Da gibt es Unterhaltungsprogramme oder einen Hotelservice für die Angehörigen, es gibt Einzelzimmer für jedermann oder, wie neu im Kantonsspital Zug,
Menus von einem Spitzenkoch: Patientenzufriedenheit ist bekanntlich zu einem zentralen Wert im Schweizer Gesundheitswesen geworden – mit ganz praktischen Folgen. Und auch die Politik neigt dazu, die Patienten und ihre ausformulierten Wünsche expliziter ins Zentrum zu stellen.
Als ob der Patient früher eher eine Randfigur gewesen sei.
Ob diese Entwicklung medizinisch sinnvoll ist, bleibt dann eine andere Frage. Das US-Magazin
«The Atlantic» griff das Thema unlängst auf und untermalte es mit dem wunderbaren Zitat eines Klinikarztes: «Patienten können sehr zufrieden sein – und trotzdem eine Stunde später tot.»
Zufriedene Patienten sind teurer
Was tönt wie ein fauler Witz hat sogar eine gewisse Basis: Denn tatsächlich kam eine grosse Studie von US-Gesundheitsökonomen 2012 zu solch einem Schluss.

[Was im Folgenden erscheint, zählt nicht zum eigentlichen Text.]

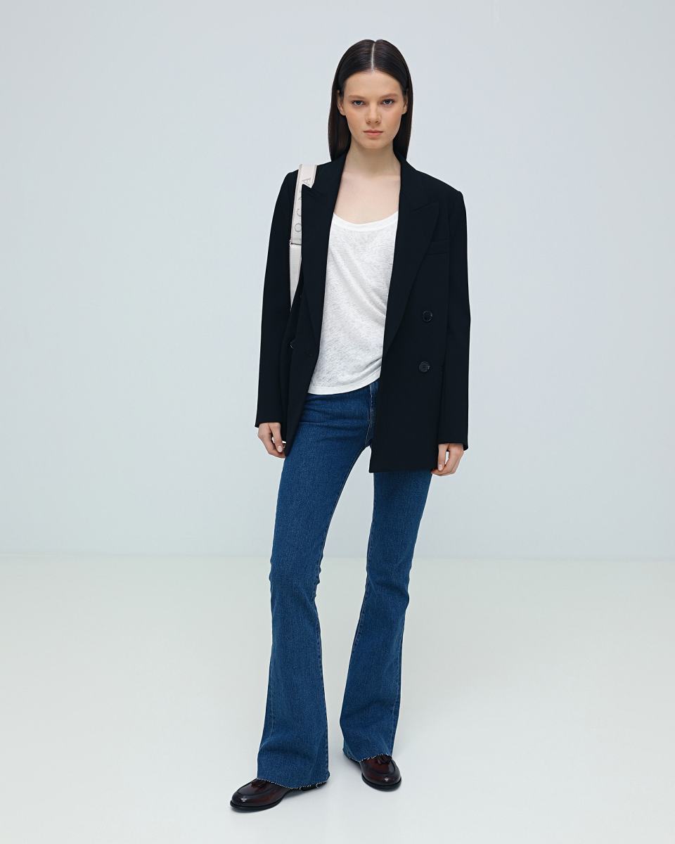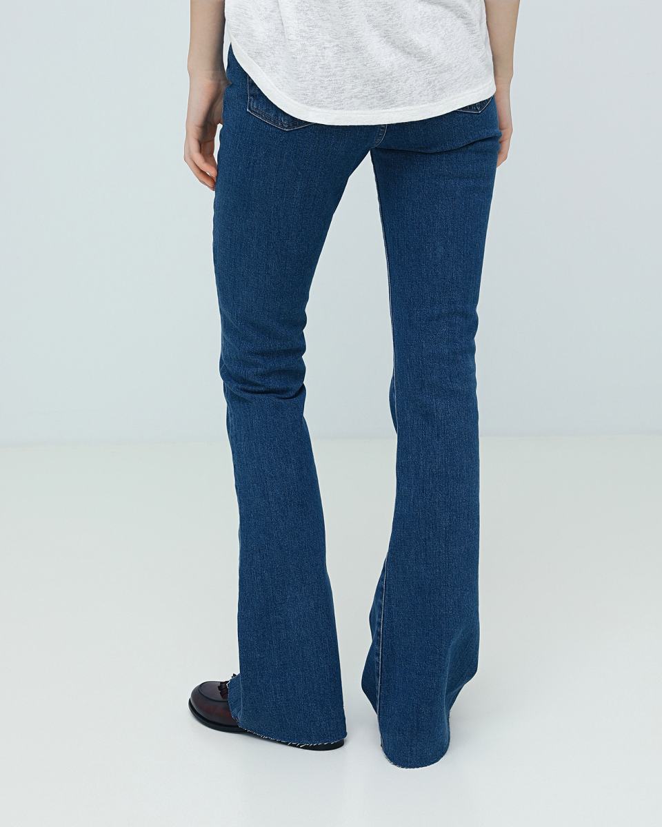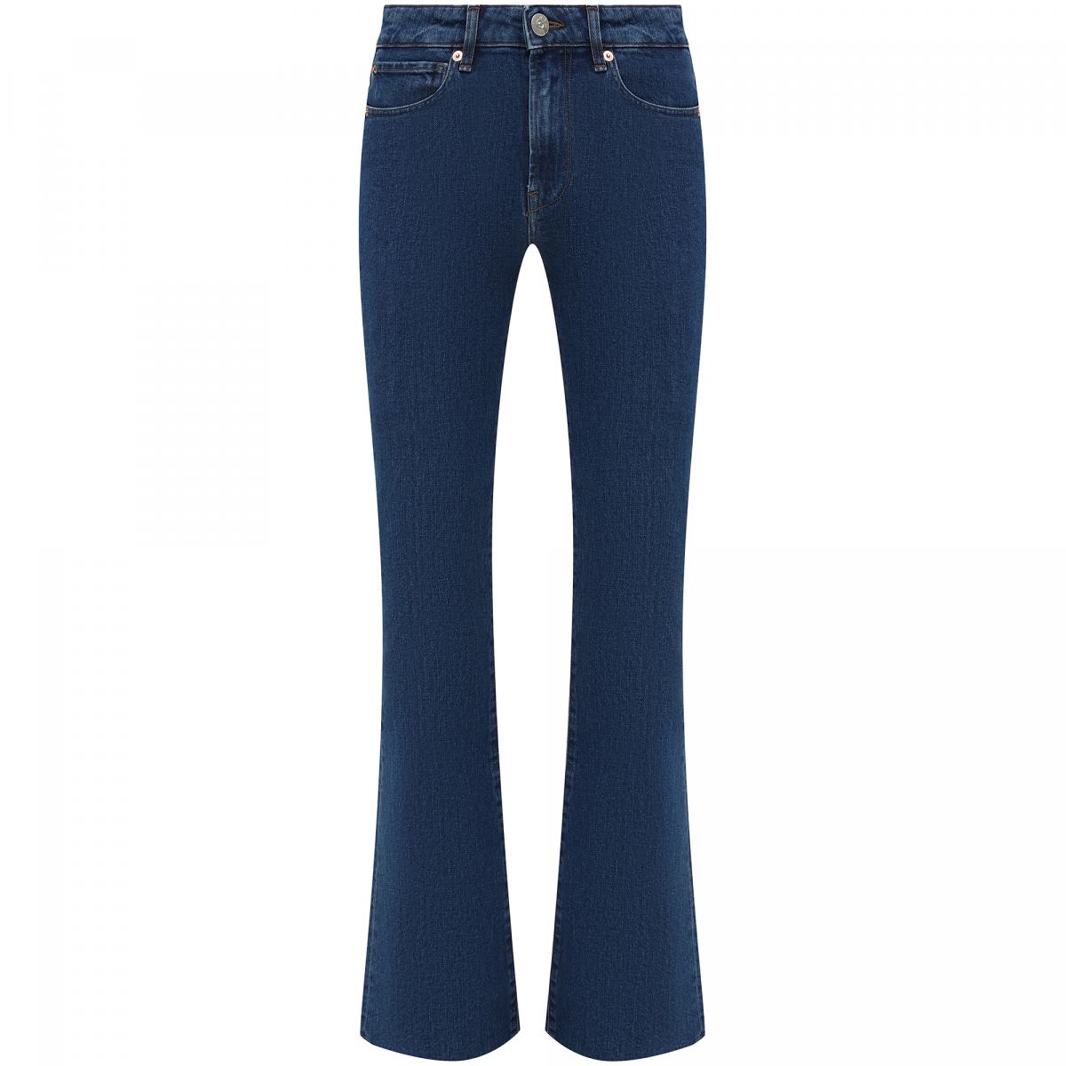 Тёмно-синие джинсы от 3x1. Силуэт модели Farrah облегает бедра и бедра, а затем расширяется от колен. Модель средней посадки, выполненная из плотного денима с 98% хлопка и 2% эластана в составе. Застежка на пуговицу и молнию, передние и задние карманы.
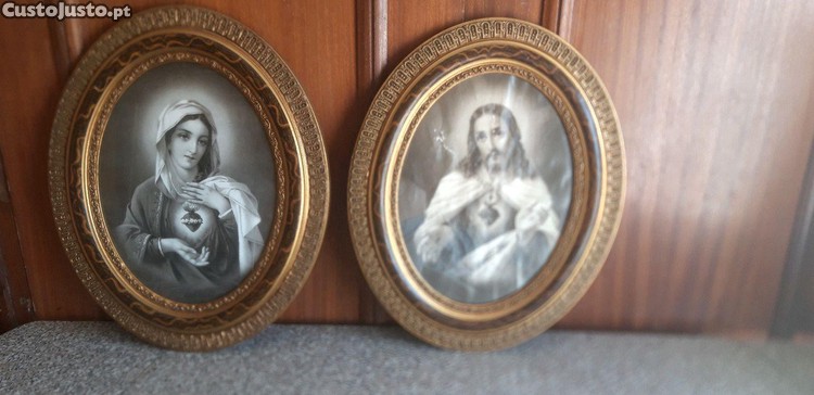 Preço: 70 €Conjunto de 2 Quadros Antigos Sagrado Coração
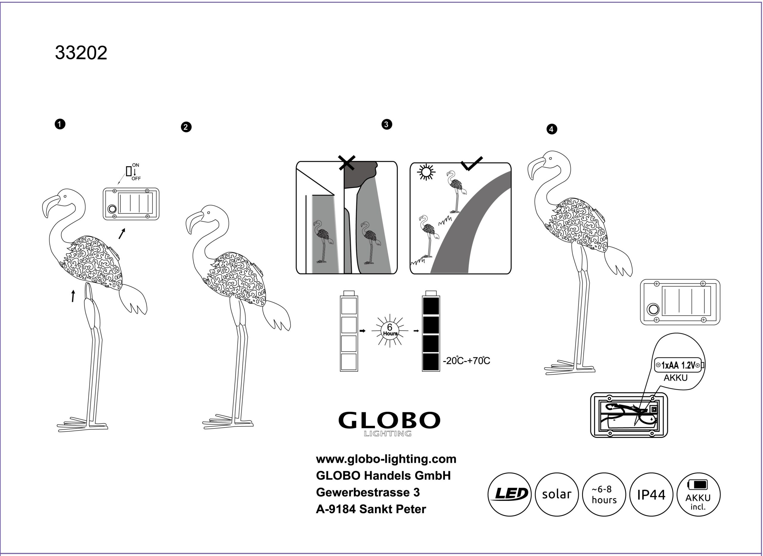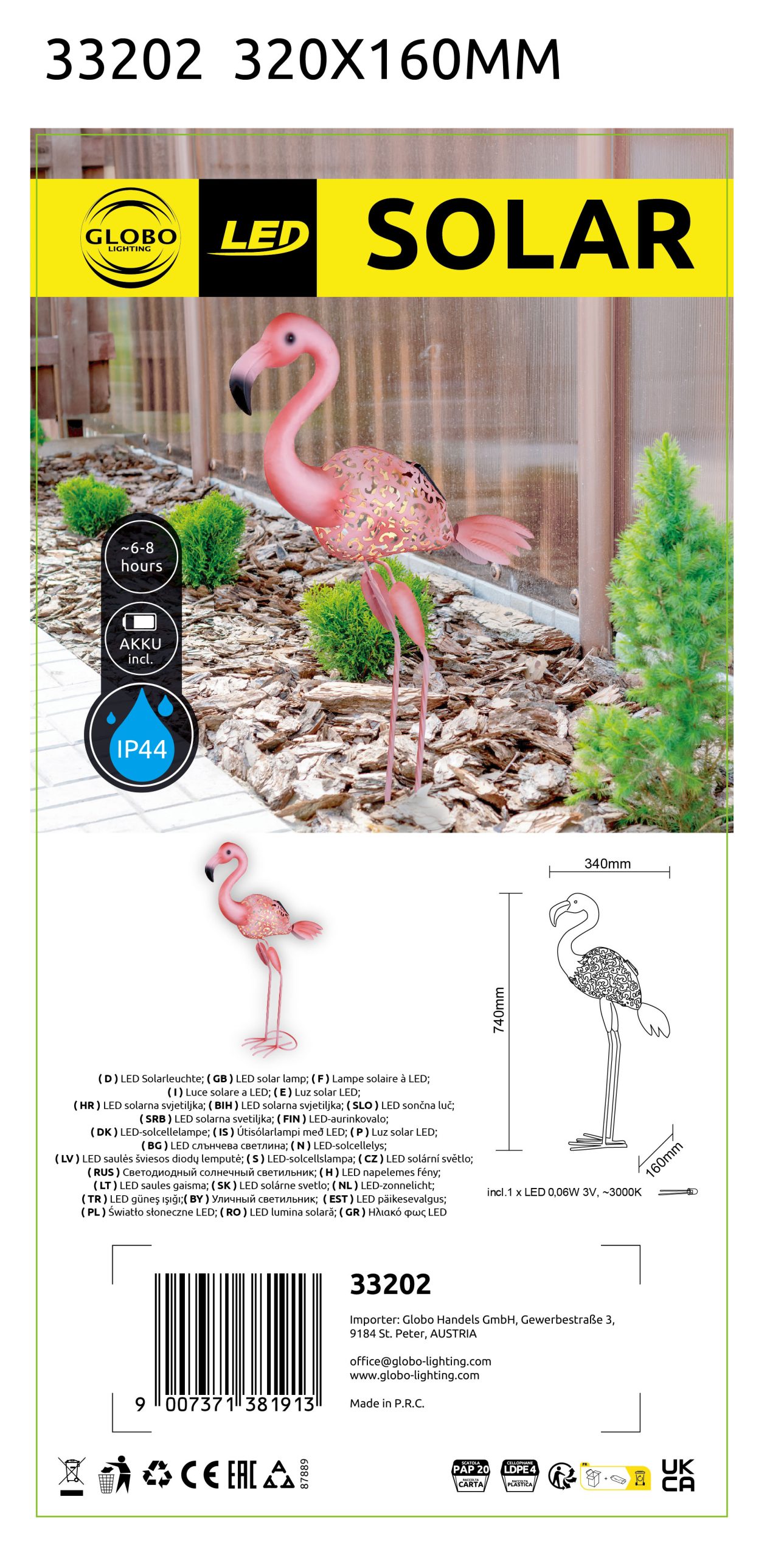 Ova ružičasta solarna lampa napravljena od metala oduševljava umove svojim flamingo oblikom. Solarno telo sija LED svetlošću od 0,06 W sa prijatnom, toplom belom bojom od 3000K. Sa stepenom zaštite IP44, ova solarna lampa je idealna za upotrebu na otvorenom.
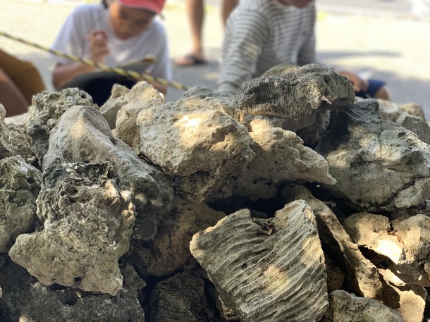 喜界島では、「サンゴの化石」よりも普通の「石」を見つけることのほうが難しいほど、島の皆さんにとっては身近な存在です。
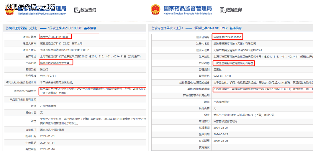 2024年1月31日,威脉医疗注册的“静脉腔内射频闭合发生器”WM-RFG-T1正式获批,注册证号:国械注准20243010098;2024年2月27日,威脉医疗注册的“一次性使用静脉腔内射频闭合导管“WM-CR-7760正式获批,注册证号:国械注准20243010393,两款产品配合使用,主要用于下肢大隐静脉曲张(限于浅静脉)的治疗。
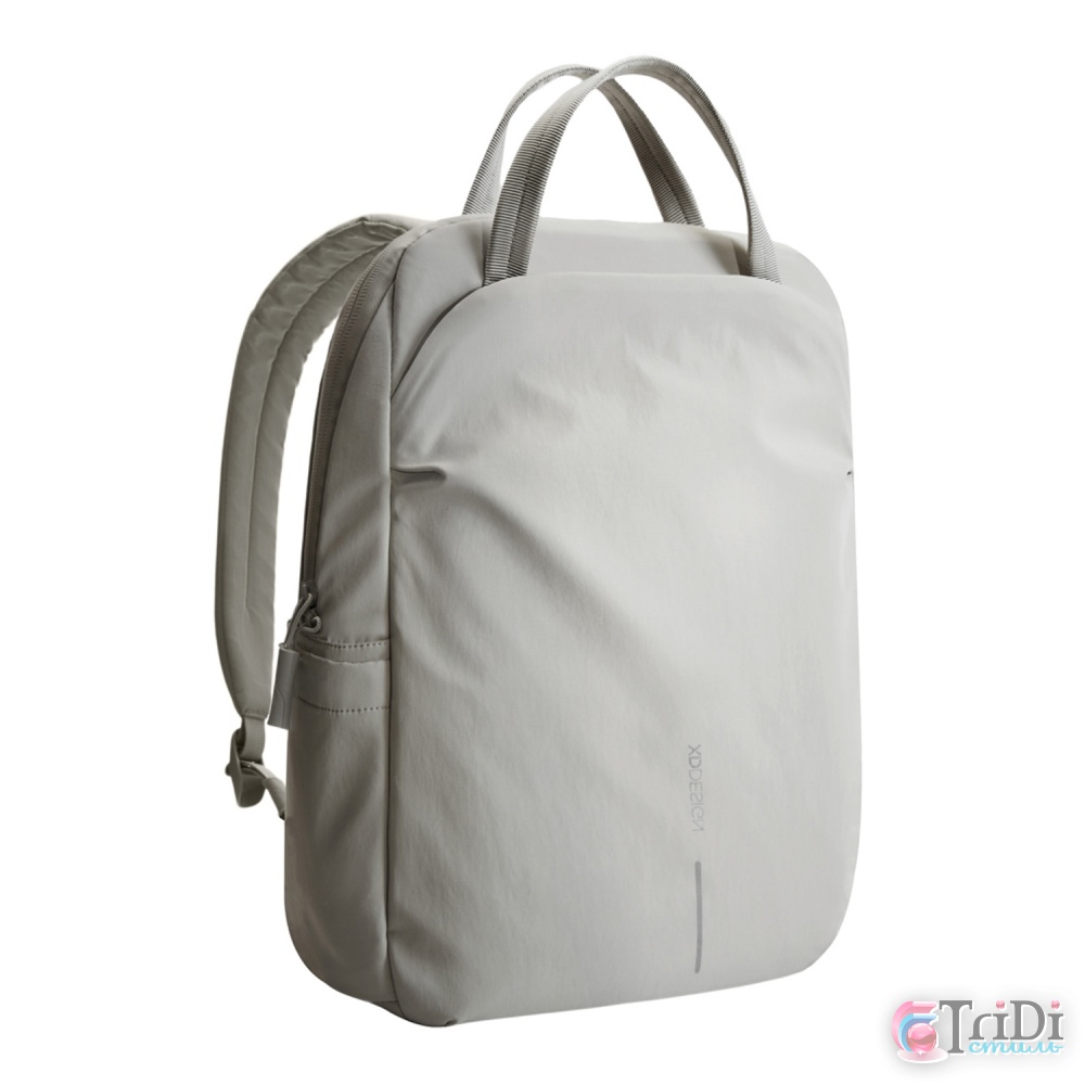 Рюкзак Soft Tote нидерландского бренда XD Design создан для комфорта в повседневной жизни и путешествиях. Благодаря надежной защите от краж и застежке-молнии ваши вещи всегда будут в безопасности. Продуман до мелочей: в рюкзаке предусмотрено 11 мест хранения, чтобы даже небольшие аксессуары не пришлось долго искать. Минималистичная внешняя отделка выполнена из прочного и легкого переработанного нейлона, а подкладка оснащена уникальной технологией AWARE™, что подтверждает подлинность материалов. Изделие на 42,64% состоит из переработанного сырья. Объем 15 л. Зарегистрированный дизайн®

Patienten, die bei Feedback-Erhebungen hohe Zufriedenheitsnoten verteilt hatten, überlebten den Beobachtungszeitraum von vier Jahren seltener als Patienten, die schimpften.
Und: Zufriedene Patienten verursachten auch höhere Betreuungs- und Medikamentenkosten. Sie wurden für dasselbe Leiden auch häufiger ins Spital eingewiesen.
Was definitiv zu bestätigen scheint, dass Zufriedenheit recht wenig zu tun hat mit dem medizinischen Zustand.
In
«The Atlantic» deutete Studienleiter Joshua Fenton, ein Gesundheitsökonom der University of California Sacramento, die Daten so: Die Fokussierung auf Patientenzufriedenheit birgt die Gefahr, dass die Ärzte und Kliniken eher jene Therapien vermeiden, welche für die Patienten fordernd und anstrengend sind. Sie geben eher dem nach, was die Patienten wünschen.
Wer Nikotin absetzen muss, ist oft ein frustrierter Patient
Anders illustriert: Wer will denn einen Raucher entschlossen zum Aufhören drängen, wenn Patientenzufriedenheit ein Ziel des Spitals und im Jahresgespräch ein grosses Thema ist?
Doch wie äussert sich jene Zufriedenheit der Patienten? Worum geht es genau? Wie machen die Patienten selber das fest?
Eine Antwort findet sich auf dem weltgrössten Bewertungsportal «Yelp», welches die Sternchenbewertung durch die Patienten bei Krankenhäusern stetig ausbaut
(mehr dazu hier).
Auch Schweizer Kliniken werden dort inzwischen benotet. Darum wir haben einmal alle Kommentare zu helvetischen Gesundheitsinstitutionen nach den benannten Kriterien durchsucht. Insgesamt 14 Schweizer Spitäler und Kliniken haben derzeit solche Einzelzeugnisse von Ex-Patienten.
Diese Punkte werden am häufigsten genannt:
1. «Care skills», Freundlichkeit, Service: 20 Nennungen
2. Wartezeit, Tempo, Effizienz: 18 Nennungen
3. Nebenangebote wie Parkplätze, Anfahrtsmöglichkeiten, WiFi, Park, Aussicht: 9 Nennungen
4. Essen, Hotellerie: 6 Nennungen
— Offenheit, klare Information, verständliche Beratung: 6 Nennungen
6. Informationswille, Genauigkeit, Analysequalität des medizinischen Personals: 4 Nennungen
— Logik der Abläufe, Orientierung, Verständlichkeit: 4 Nennungen
8. Diagnosequalität, Intensität der Tests. «Nehmen sich Zeit» vs, «Oberflächlichkeit»: 3 Nennungen
— Ausrüstung, technischer Standard: 3 Nennungen.
10. Hygiene: 2 Nennungen
11. Resultat, Verlauf des Heilungsprozesses: 1 Nennung.
Es zeigt sich also, dass tatsächlich die Service- und Hotellerie-Aspekte dominieren, während der Kern der Sache – ausgedrückt zum Beispiel in Urteilen über diagnostische Präzision, Analyse, Hygiene oder die Ausrüstung definitiv zweitrangig sind.
Besonders auffällig ist auch, dass nur eine Stimme einen Zusammenhang herstellte zwischen dem Resultat des Spitalbesuchs beziehungsweise der Heilung und dem Spital selber.